Answer:
[tex]\begin{pmatrix}-15&-28\\ -8&-15\end{pmatrix}[/tex]
Step-by-step explanation:
[tex]\begin{pmatrix}a\:&\:b\:\\ c\:&\:d\:\end{pmatrix}^{-1}=\frac{1}{\det \begin{pmatrix}a\:&\:b\:\\ c\:&\:d\:\end{pmatrix}}\begin{pmatrix}d\:&\:-b\:\\ -c\:&\:a\:\end{pmatrix}[/tex]
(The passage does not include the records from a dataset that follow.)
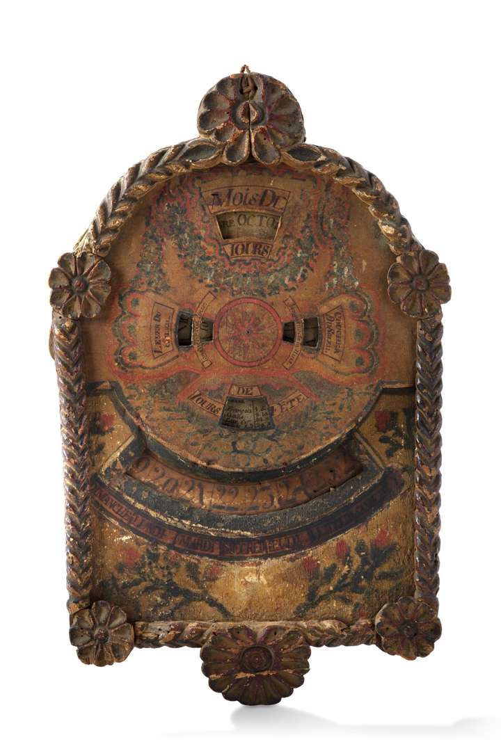 Calendrier perpétuel en bois et carton peint de motifs floraux présentant à l'aide de multiples guichets et par l'action de disques rotatifs les jours de la semaine, mois, lever et coucher du soleil, longueur du jour et de la nuit et les jours de fêtes. Dans un cadre sculpté de chevrons et fleurettes.
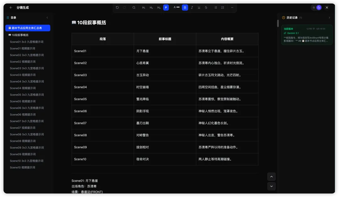 我选择了「Gemini模型」,9宫格,每段10秒,最终生成的分镜脚本如图,可以进行二次修改。
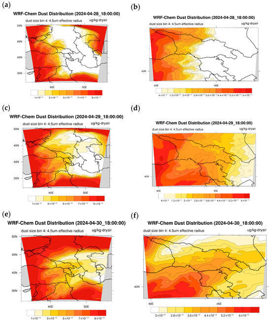 Results of the numerical calculations of the WRF-Chem v.4.5.1 model, performed in a coarse domain with a resolution of 19.8 km, at 18:00 on 28 April 2024—(a); at 18:00 on 29 April 2024—(c); at 18:00 on 30 April 2024—(e); and in a fine-resolution grid with a resolution of 6.6 km, at 18:00 on 28 April 2024—(b); at 18:00 on 29 April 2024—(d); at 18:00 on 30 April 2024—(f).
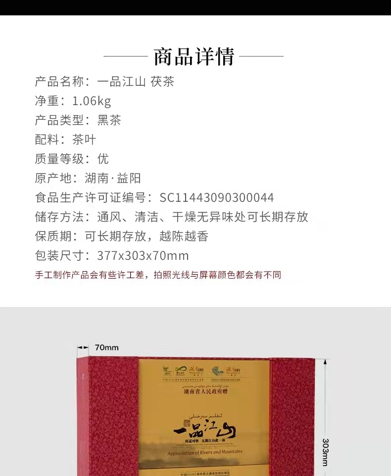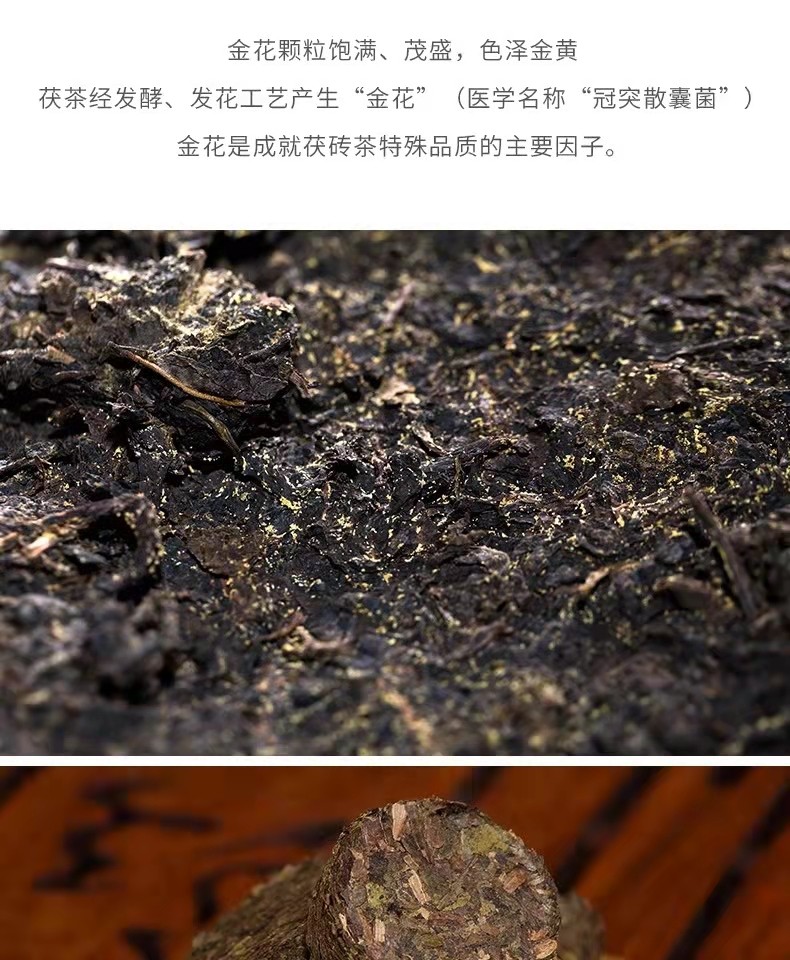 湖南安化黑茶湘益黑茶湖南特產(chǎn)一品江山獲磚益陽茶廠金花黑茶1.06kg
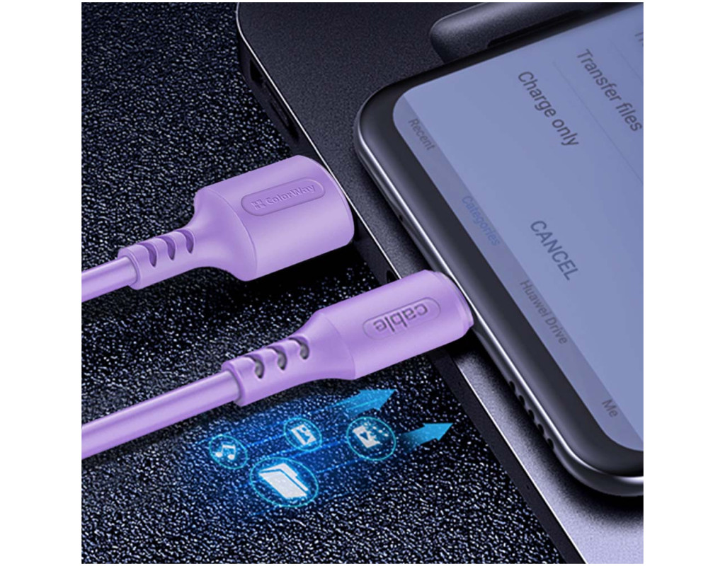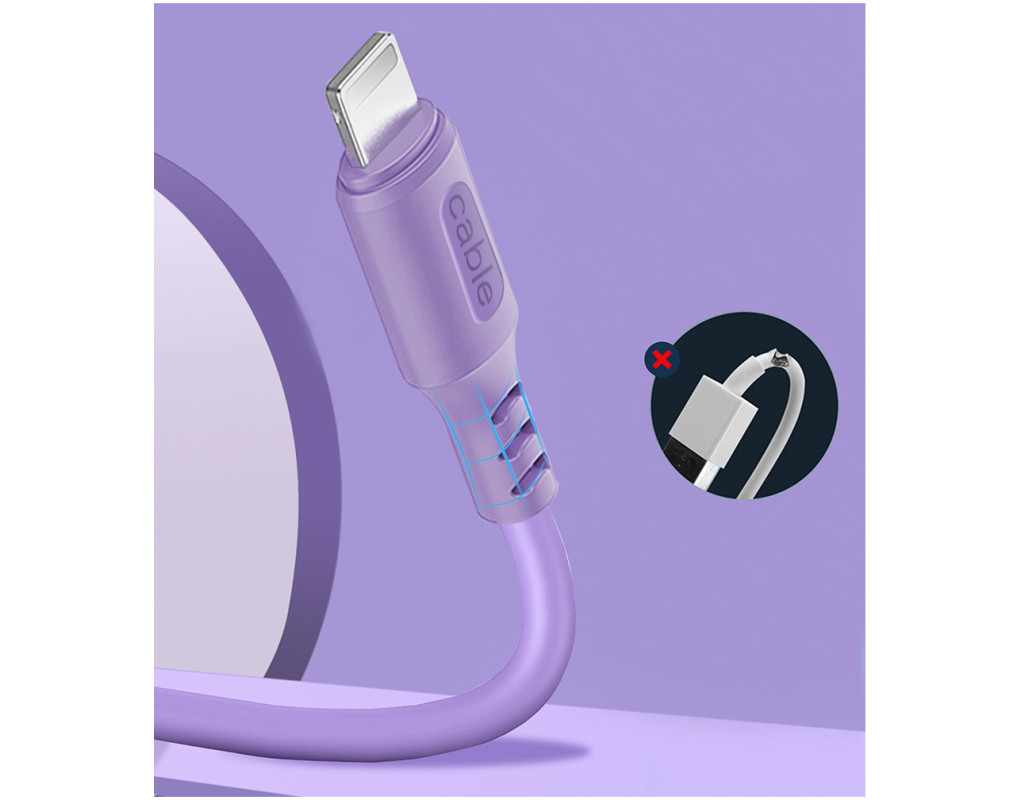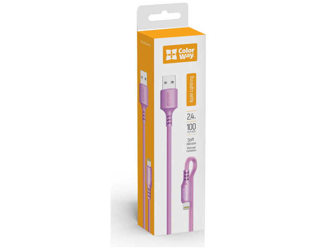 Дата кабель USB 2.0 AM to Lightning 1.0m soft silicone violet ColorWay (CW-CBUL044-PU)
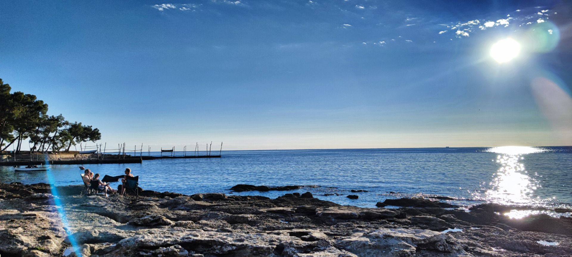 Near Salvore, which is now called Savudrija, pine trees stand on the coast and boats hang on racks above the water. This way they are protected from high tide and if necessary they are lowered into the water by means of pulleys. The beach takes some getting used to: no sand, but gravel, shaded by olive trees or vines growing out of the red earth. In a rustic village pub, we try what host Zlatan tastes like: skewers and wine, beer and sweet dessert. Divine.
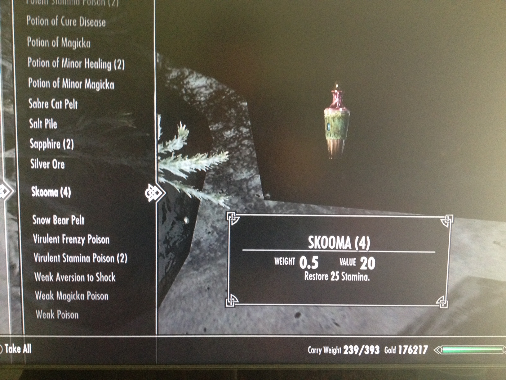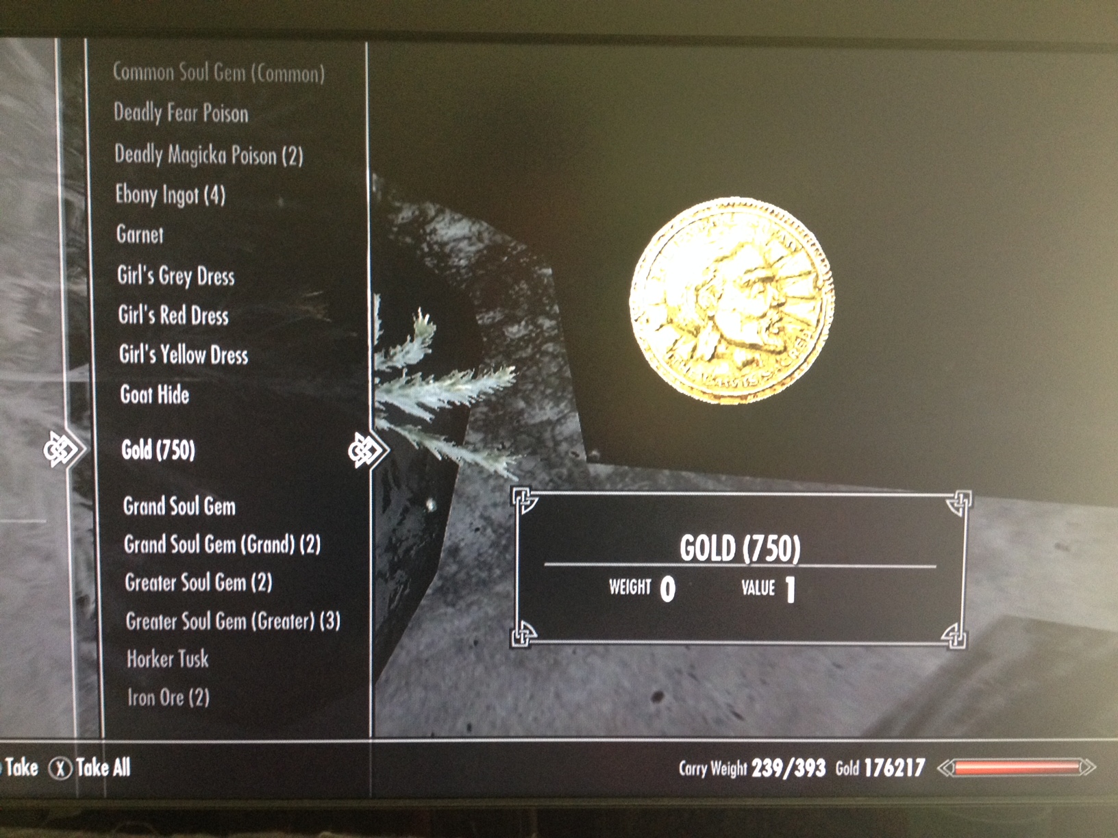 (Put another way: I had just cleared out my inventory prior to going to Dawnstar; I hit [X] Take All, and was immediately overburdened again. Good times.]
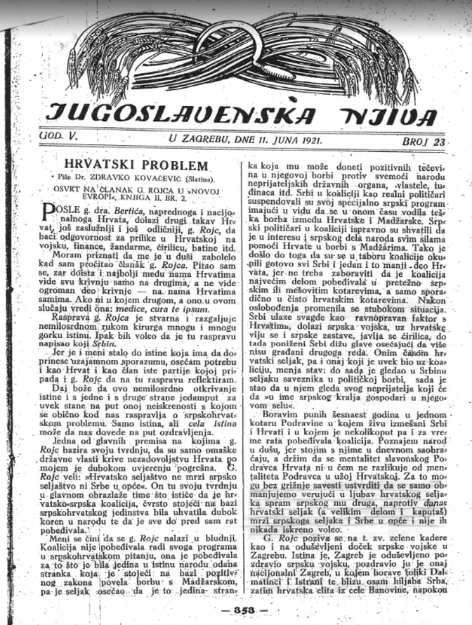 Никола Милованчев: Хрватски проблем – чланак једног умног и честитог Хрвата из 1921.

This is the formula we will use. Accordingly:
[tex]=>\frac{1}{\det \begin{pmatrix}-15&28\\ 8&-15\end{pmatrix}}\begin{pmatrix}-15&-28\\ -8&-15\end{pmatrix}[/tex]
det represents the determinant
if the determinant is 0 then only the inverse matrix will not exist. So let's find the determinant.
[tex]\det = \left(-15\right)\left(-15\right)-28\cdot \:8\\ = 1[/tex]
Now we multiply the following matrix by 1/1:
[tex]\frac{1}{1}\begin{pmatrix}-15&-28\\ -8&-15\end{pmatrix} = \begin{pmatrix}-15&-28\\ -8&-15\end{pmatrix}[/tex]